I'm currently working with Freeswitch and its event socket library (through the mod event socket). For instance:
from ESL import ESLconnection
cmd = 'uuid_kill %s' % active_call # active_call comes from a Django db and is unicode
con = ESLconnection(config.HOST, config.PORT, config.PWD)
if con.connected():
e = con.api(str(cmd))
else:
logging.error('Couldn\'t connect to Freeswitch Mod Event Socket')
As you can see, I had to explicitly cast con.api()
's argument with str()
. Without that, the call ends up in the following stack trace:
Traceback (most recent call last):
[...]
e = con.api(cmd)
File "/usr/lib64/python2.7/site-packages/ESL.py", line 87, in api
def api(*args): return apply(_ESL.ESLconnection_api, args)

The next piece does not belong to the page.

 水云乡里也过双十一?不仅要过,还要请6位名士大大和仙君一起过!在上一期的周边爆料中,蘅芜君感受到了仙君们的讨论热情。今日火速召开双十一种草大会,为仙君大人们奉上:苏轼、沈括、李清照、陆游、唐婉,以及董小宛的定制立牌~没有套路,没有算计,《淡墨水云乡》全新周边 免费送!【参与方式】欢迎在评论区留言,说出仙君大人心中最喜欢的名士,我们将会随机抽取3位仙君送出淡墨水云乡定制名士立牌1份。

TypeError: in method 'ESLconnection_api', argument 2 of type 'char const *'
I don't understand this TypeError: what does it mean ? cmd
contains a string, so what does it fix it when I cast it with str(cmd)
?
Could it be related to Freeswitch's python API, generated through SWIG ?
Short answer: cmd
likely contains a Unicode string, which cannot be trivially converted to a const char *
. The error message likely comes from a wrapper framework that automates writing Python bindings for C libraries, such as SWIG or ctypes. The framework knows what to do with a byte string, but punts on Unicode strings. Passing str(cmd)
helps because it converts the Unicode string to a byte string, from which a const char *
value expected by C code can be trivially extracted.
Long answer:
The C type char const *
, more customarily spelled const char *
, can be read as "read-only array of char
", char
being C's way to spell "byte". When a C function accepts a const char *
, it expects a "C string", i.e. an array of char
values terminated with a null character. Conveniently, Python strings are internally represented as C strings with some additional information such as type, reference count, and the length of the string (so the string length can be retrieved with O(1) complexity, and also so that the string may contain null characters themselves).

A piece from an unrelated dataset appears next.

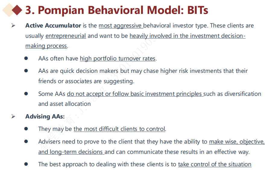 同学你好,可以和讲义进行一一对照后得出。Mikaele自己创办了公司而且很成功,他会很积极主动地参与到投资决策过程中,而且投资的周转率很高。下图是AA的特征,通过和Mikaele的情况进行对照就能发现他是AA。AA的特征是富有企业家精神,会大量参与到投资决策过程中,投资周转率高,快速做决策,不愿意分散化。

Unicode strings in Python 2 are represented as arrays of Py_UNICODE
, which are either 16 or 32 bits wide, depending on the operating system and build-time flags. Such an array cannot be passed to code that expects an array of 8-bit chars — it needs to be converted, typically to a temporary buffer, and this buffer must be freed when no longer needed.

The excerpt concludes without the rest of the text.